Work instruction - Only one stretch of the data below should be repeated: the lines from the line containing "Ca Strl 56-62." through the line containing "Laelaps Jr. and", inclusive, exactly as they are.

Provided material -

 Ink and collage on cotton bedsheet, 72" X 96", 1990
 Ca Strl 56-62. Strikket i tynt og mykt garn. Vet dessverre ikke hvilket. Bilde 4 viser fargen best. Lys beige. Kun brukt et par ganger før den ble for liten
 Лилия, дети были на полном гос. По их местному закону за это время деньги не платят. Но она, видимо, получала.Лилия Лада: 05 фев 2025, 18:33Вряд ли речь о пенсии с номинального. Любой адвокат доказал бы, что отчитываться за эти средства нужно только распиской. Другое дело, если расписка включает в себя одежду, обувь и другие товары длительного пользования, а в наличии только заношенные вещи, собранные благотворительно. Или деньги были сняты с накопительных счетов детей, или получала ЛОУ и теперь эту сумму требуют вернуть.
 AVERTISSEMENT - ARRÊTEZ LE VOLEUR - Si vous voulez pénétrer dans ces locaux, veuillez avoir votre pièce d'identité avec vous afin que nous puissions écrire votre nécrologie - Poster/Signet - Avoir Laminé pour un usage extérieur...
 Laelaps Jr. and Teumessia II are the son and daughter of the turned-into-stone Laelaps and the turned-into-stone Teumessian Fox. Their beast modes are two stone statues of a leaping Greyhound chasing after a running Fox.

* * *

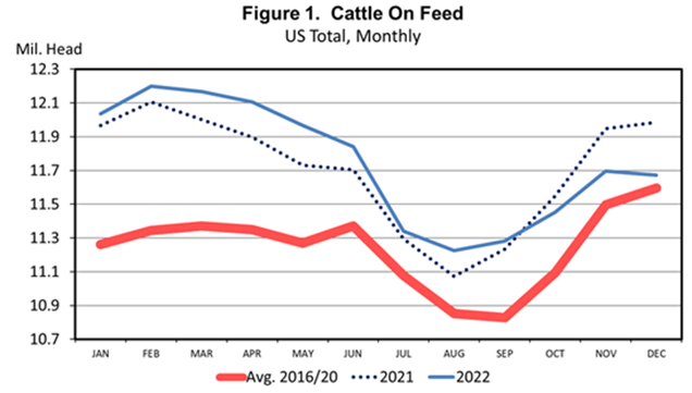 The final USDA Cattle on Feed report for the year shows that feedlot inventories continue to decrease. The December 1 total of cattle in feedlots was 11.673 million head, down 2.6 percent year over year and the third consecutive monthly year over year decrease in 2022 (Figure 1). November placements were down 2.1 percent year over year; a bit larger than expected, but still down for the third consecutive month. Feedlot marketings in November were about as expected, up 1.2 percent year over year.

...

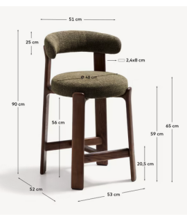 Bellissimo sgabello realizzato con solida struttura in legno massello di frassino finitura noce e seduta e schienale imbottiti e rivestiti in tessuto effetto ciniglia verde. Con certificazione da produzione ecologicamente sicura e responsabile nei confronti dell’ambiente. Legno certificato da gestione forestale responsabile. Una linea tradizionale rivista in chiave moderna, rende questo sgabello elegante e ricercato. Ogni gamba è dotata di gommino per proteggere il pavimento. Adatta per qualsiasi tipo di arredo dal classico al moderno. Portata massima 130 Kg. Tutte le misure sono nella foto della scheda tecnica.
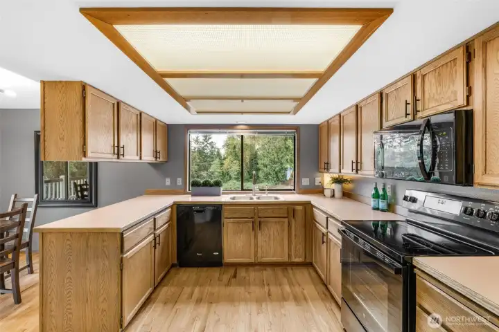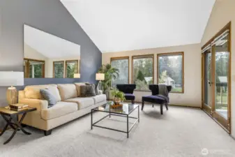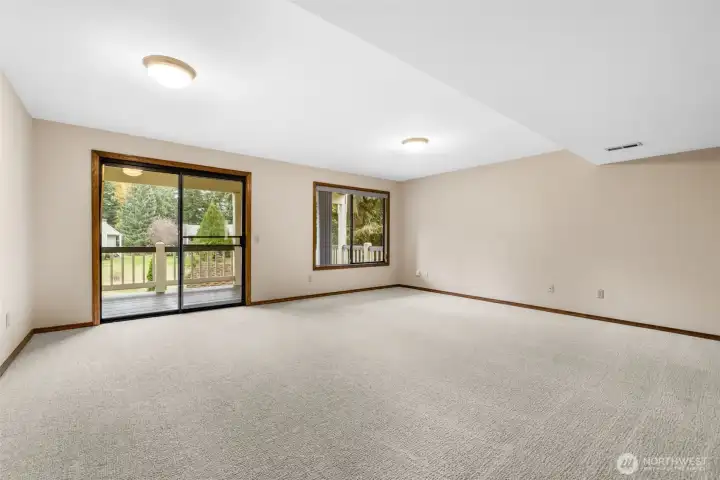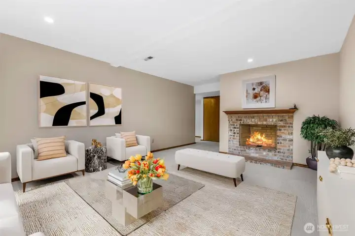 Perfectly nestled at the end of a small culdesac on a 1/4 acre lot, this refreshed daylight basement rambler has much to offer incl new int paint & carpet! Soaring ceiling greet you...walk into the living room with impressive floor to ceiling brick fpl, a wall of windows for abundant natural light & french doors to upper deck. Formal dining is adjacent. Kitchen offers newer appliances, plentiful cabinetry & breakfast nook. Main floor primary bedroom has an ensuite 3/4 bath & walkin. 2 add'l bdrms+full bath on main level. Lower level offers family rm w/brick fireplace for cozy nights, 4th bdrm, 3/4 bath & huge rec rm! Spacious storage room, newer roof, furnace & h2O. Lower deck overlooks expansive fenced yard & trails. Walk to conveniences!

Solution below -
 Ca Strl 56-62. Strikket i tynt og mykt garn. Vet dessverre ikke hvilket. Bilde 4 viser fargen best. Lys beige. Kun brukt et par ganger før den ble for liten
 Лилия, дети были на полном гос. По их местному закону за это время деньги не платят. Но она, видимо, получала.Лилия Лада: 05 фев 2025, 18:33Вряд ли речь о пенсии с номинального. Любой адвокат доказал бы, что отчитываться за эти средства нужно только распиской. Другое дело, если расписка включает в себя одежду, обувь и другие товары длительного пользования, а в наличии только заношенные вещи, собранные благотворительно. Или деньги были сняты с накопительных счетов детей, или получала ЛОУ и теперь эту сумму требуют вернуть.
 AVERTISSEMENT - ARRÊTEZ LE VOLEUR - Si vous voulez pénétrer dans ces locaux, veuillez avoir votre pièce d'identité avec vous afin que nous puissions écrire votre nécrologie - Poster/Signet - Avoir Laminé pour un usage extérieur...
 Laelaps Jr. and Teumessia II are the son and daughter of the turned-into-stone Laelaps and the turned-into-stone Teumessian Fox. Their beast modes are two stone statues of a leaping Greyhound chasing after a running Fox.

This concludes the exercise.